Exclude images, then output the remaining data verbatim.

__Data extract__:
====================
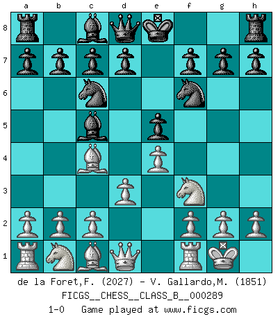 Last move : 1-0 2018 December 9 12:55:57 [Event "FICGS__CHESS__CLASS_B__000289"] [Site "FICGS"] [Date "2018.10.26"] [Round "1"] [White "de la Foret,Fred"] [Black "V. Gallardo,Miguel"] [Result "1-0"] [WhiteElo "2027"] [BlackElo "1851"] 1.e4 e5 2.Nf3 Nc6 3.Bc4 Bc5 4.O-O Nf6 5.d3 1-0 This chess game has been lost on time (started : 2018.10.26 20:22:15) Giuoco Piano Kingside Castling by player White (move 4) Player White won this chess game. Follow this game move after move (download)Best by test: 1. e4 (Bobby Fischer) Schach ist wie eine schöne Frau, zu der wir ständig zurückkehren, gleichviel, wie oft sie uns zurückweist. (Anonymous) Es muy difícil jugar en contra de la teoría de Einstein. - en su primera derrota en contra de Fischer (Mikhail Tal) 'L'échange des dames est un coup dur pour les deux adversaires...' Un journaliste lors d'une partie du match Spassky-Fischer I would love to change the world, but they won't give me the source code. (Unknown)
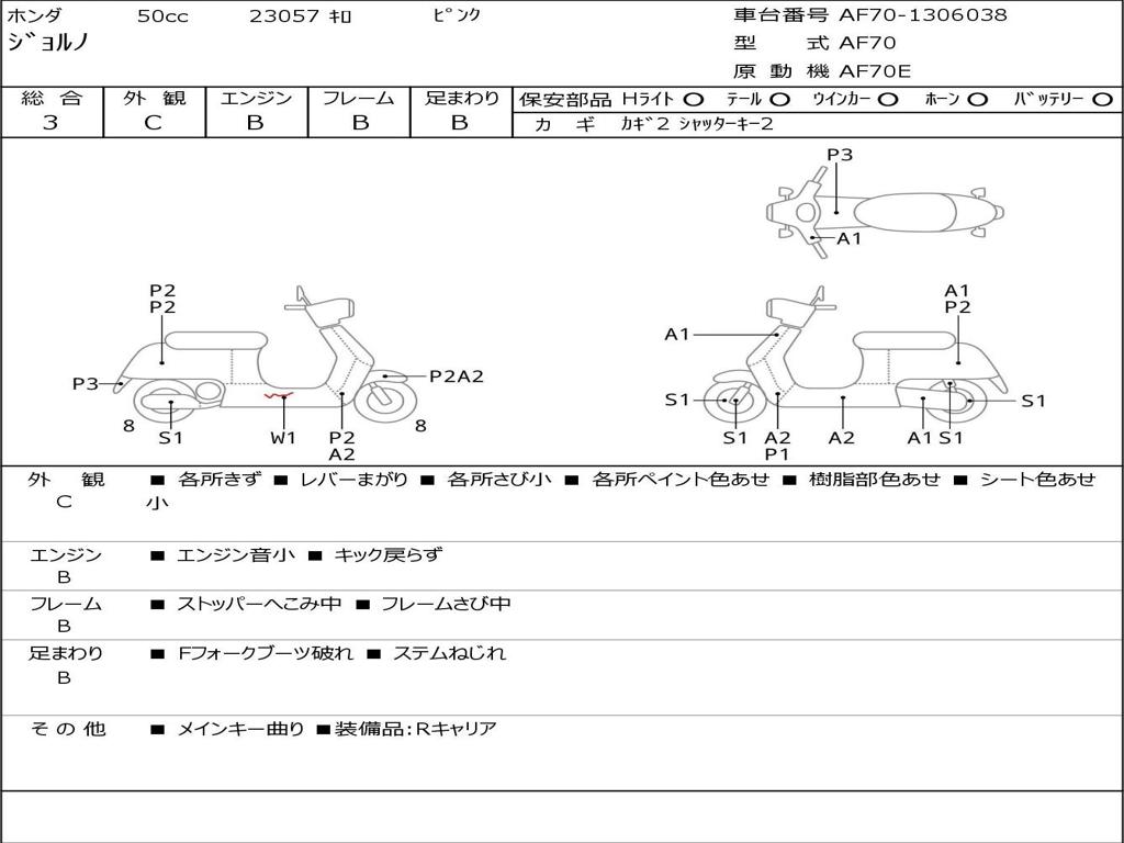 | Номер рамы / VIN | AF70-1306038 |
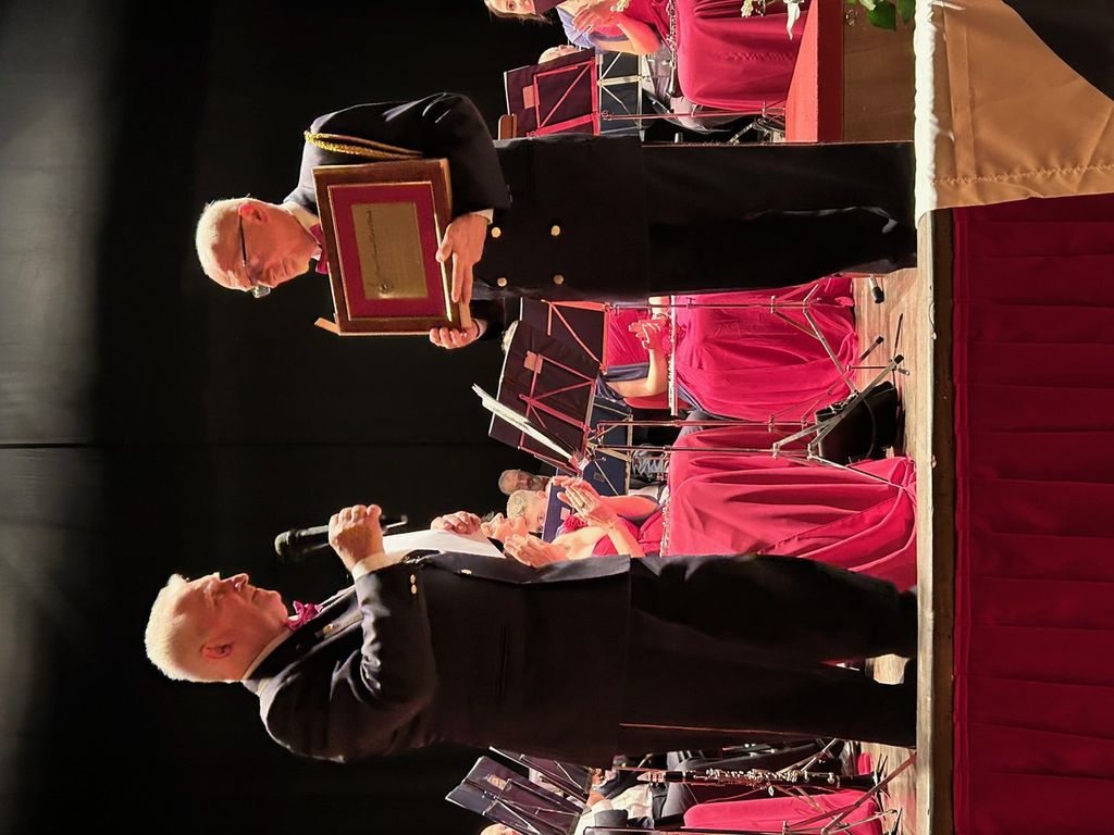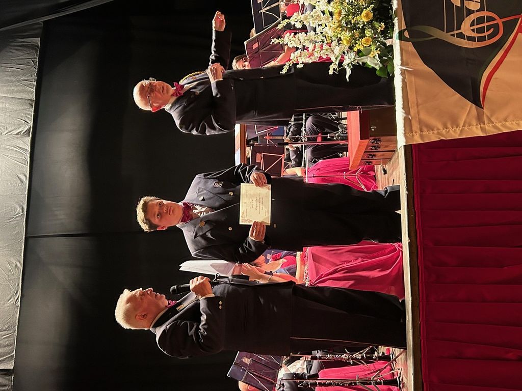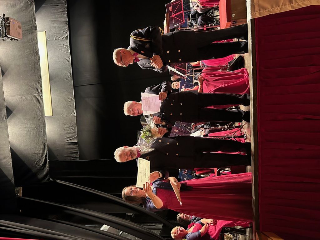 Nell’intervallo tra il primo e il secondo tempo, sono stati premiati due giovani nuovi allievi: Alessio Maffioli e Luca Orgiazzi. Sono stati poi assegnati i “premi alla carriera”: Stefano Sesia per i dieci anni di Banda, Lucia Costadone per i quindici anni, che si è presentata con Benedetta che sta ancora allattando, vent’anni per Gianpaolo Preti e la moglie Annamaria Cortese, trent’anni per Eraldo Bertolino. A sorpresa è stato conferito un premio speciale al Maestro Dario Colombo per i suoi quarant’anni di attività: “Ha battuto tutti i record dei precedenti Maestri che si sono susseguiti in più di duecento anni”.
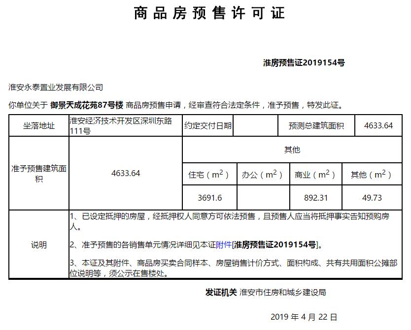 - 淮房预售证2019154号 详情发证时间 2019-04-22绑定楼栋御景天成花苑87号楼证件照片
====================
__Final answer__:
 Last move : 1-0 2018 December 9 12:55:57 [Event "FICGS__CHESS__CLASS_B__000289"] [Site "FICGS"] [Date "2018.10.26"] [Round "1"] [White "de la Foret,Fred"] [Black "V. Gallardo,Miguel"] [Result "1-0"] [WhiteElo "2027"] [BlackElo "1851"] 1.e4 e5 2.Nf3 Nc6 3.Bc4 Bc5 4.O-O Nf6 5.d3 1-0 This chess game has been lost on time (started : 2018.10.26 20:22:15) Giuoco Piano Kingside Castling by player White (move 4) Player White won this chess game. Follow this game move after move (download)Best by test: 1. e4 (Bobby Fischer) Schach ist wie eine schöne Frau, zu der wir ständig zurückkehren, gleichviel, wie oft sie uns zurückweist. (Anonymous) Es muy difícil jugar en contra de la teoría de Einstein. - en su primera derrota en contra de Fischer (Mikhail Tal) 'L'échange des dames est un coup dur pour les deux adversaires...' Un journaliste lors d'une partie du match Spassky-Fischer I would love to change the world, but they won't give me the source code. (Unknown)
 | Номер рамы / VIN | AF70-1306038 |
 Nell’intervallo tra il primo e il secondo tempo, sono stati premiati due giovani nuovi allievi: Alessio Maffioli e Luca Orgiazzi. Sono stati poi assegnati i “premi alla carriera”: Stefano Sesia per i dieci anni di Banda, Lucia Costadone per i quindici anni, che si è presentata con Benedetta che sta ancora allattando, vent’anni per Gianpaolo Preti e la moglie Annamaria Cortese, trent’anni per Eraldo Bertolino. A sorpresa è stato conferito un premio speciale al Maestro Dario Colombo per i suoi quarant’anni di attività: “Ha battuto tutti i record dei precedenti Maestri che si sono susseguiti in più di duecento anni”.
 - 淮房预售证2019154号 详情发证时间 2019-04-22绑定楼栋御景天成花苑87号楼证件照片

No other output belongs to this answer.